Metadata-Version: 2.4
Name: prouter
Version: 0.1.0
Summary: Route filesystem paths through pattern -> handler -> pattern rules with visibility.
License-File: LICENSE
Requires-Python: >=3.12
Requires-Dist: pandas>=3.0.3
Description-Content-Type: text/markdown

# prouter

[![PyPI](https://img.shields.io/pypi/v/prouter)](https://pypi.org/project/prouter)
[![WiscLab](https://img.shields.io/badge/WiscLab-kidspeech.wisc.edu-c5050c)](https://kidspeech.wisc.edu/)
![ShredGuard](https://img.shields.io/badge/ShredGuard-ON-06B6D4?logo=git&logoColor=white&style=flat-square)

[![CI](https://github.com/WISCLab/prouter/actions/workflows/ci.yml/badge.svg)](https://github.com/WISCLab/prouter/actions/workflows/ci.yml)
[![CD](https://github.com/WISCLab/prouter/actions/workflows/cd.yml/badge.svg)](https://github.com/WISCLab/prouter/actions/workflows/cd.yml)

Route filesystem paths through `pattern -> handler -> pattern` rules with visibility.

The idea is simple. You define routes, each one an input pattern, a handler that rewrites a path, and an output pattern the result has to match. prouter walks a directory tree and runs every path through the route whose input pattern matches its basename, keeping track of what it did along the way.

It never touches the filesystem. Nothing gets moved or renamed. What you get back is a set of CSVs describing the transform it would apply, so you can look it over before committing to anything.

The tree is walked bottom-up, deepest paths first and the root last. This is deliberate: renaming children before their parents means a directory rename never invalidates paths you haven't reached yet. The CSVs preserve that order, so applying the rows top to bottom is always safe.

If the route-building syntax feels familiar, that's on purpose: it's inspired by LangGraph's way of wiring up nodes.

## Install

```bash
pip install prouter
```

Requires Python 3.12+.

## Usage

```python
import re
from pathlib import Path
from prouter import GraphBuilder

# An input pattern, a handler (Path -> Path), and the output pattern the result must match.
draft = re.compile(r"(\d+)_draft\.wav")
final = re.compile(r"\d+_final\.wav")

def rename(path: Path) -> Path:
    return path.with_name(path.name.replace("_draft", "_final"))

builder = GraphBuilder(root_path=Path("/path/to/draw/from"), results_folder=Path("/Folder/to/save/results"))
builder.add_route(draft, rename, final)

builder.build()             # walk the tree, match routes, apply handlers in memory
builder.save()              # write the result CSVs
```

> [!NOTE]
> When adding a route with `add_route` You can't register the same input pattern twice (a ValueError raises). Matching against those patterns is a `fullmatch` against the whole basename, so a pattern has to account for the entire filename, not just part of it. And at build() time, only one input pattern may match a given path. If two would match, that's ambiguous and prouter raises rather than guess.

## Output

`save()` drops four CSVs into the folder you give it:

- `routable_paths.csv` — matched a route, and the handler's output lined up with the output pattern.
- `problem_paths.csv` — matched a route, but the handler's output did **not** match the output pattern. These are the ones to look at.
- `clean_paths.csv` — matched nothing, left alone.
- `routes.csv` — the routes you configured, on their own.

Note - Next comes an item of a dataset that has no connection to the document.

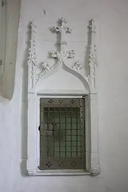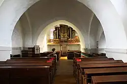 Das einjochige Schiff und der aus einem eingezogenen, quadratischen Joch bestehende Chor sind mit kuppeligen Kreuzgratgewölben ausgestattet. Der Westturm wird von einem Zeltdach bedeckt.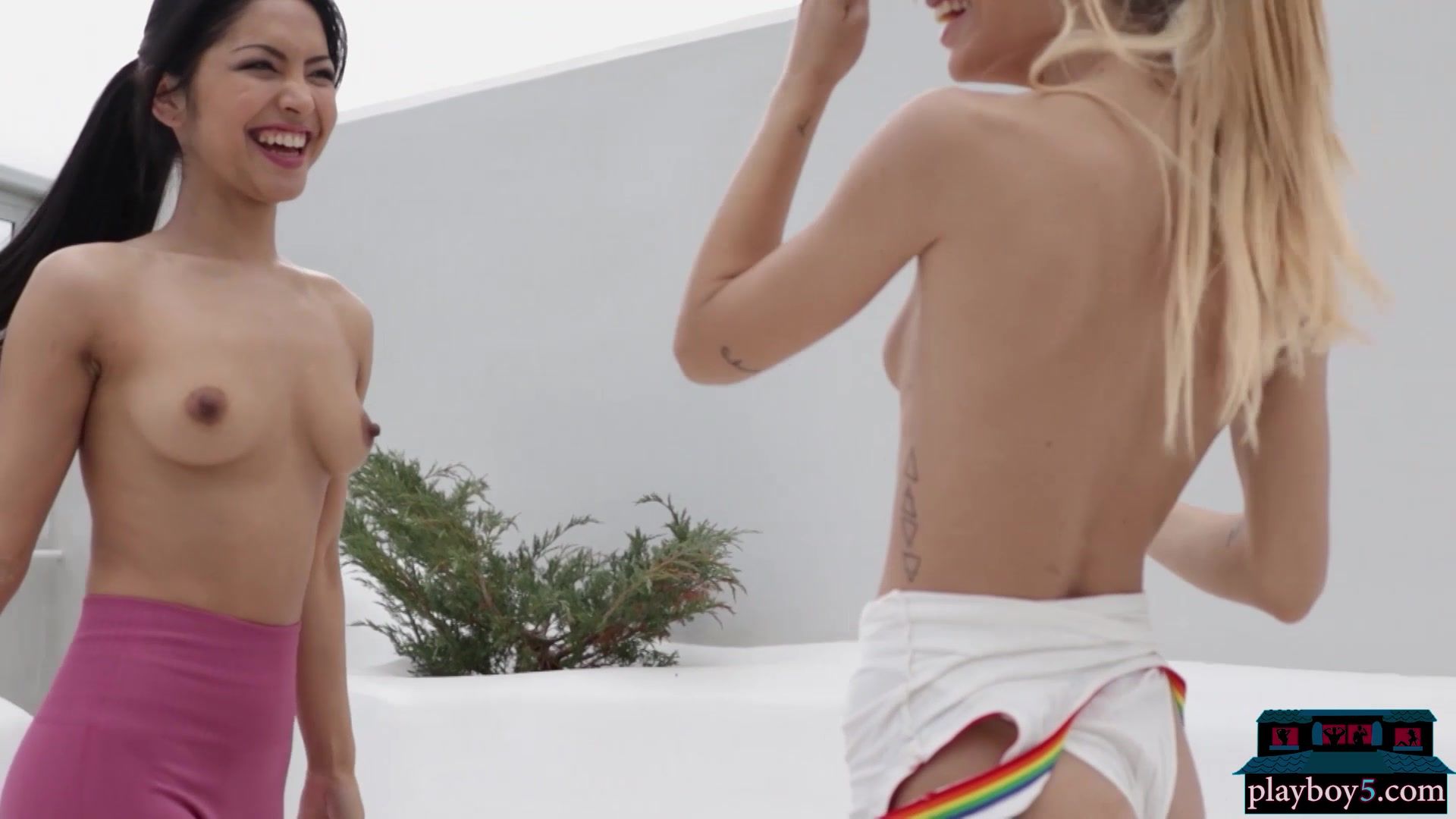 Petite lesbian Asian and Latina babes Chloe Rose and Lorena Hidalgo get together for a workout and a dip in the pool! Playboy captured their beauty perfectly again and these two tiny hotties were a really good match together!

The path CSVs share the same columns: `path`, `node`, `input_pattern`, `output_pattern`, `new_path`. `routes.csv` just has `input_pattern`, `node`, `output_pattern`.

> [!NOTE]
> In those columns, things show up under the names you gave them. Handlers use the function's `__name__`, so `rename` lands in the CSV as `rename`. Patterns are trickier, since a compiled regex has no name of its own, so prouter peeks at the calling frame and recovers the variable you bound it to: `draft` and `final` above come out as `draft` and `final`. Pass a bare `re.compile(...)` inline with no variable and it falls back to the raw regex source.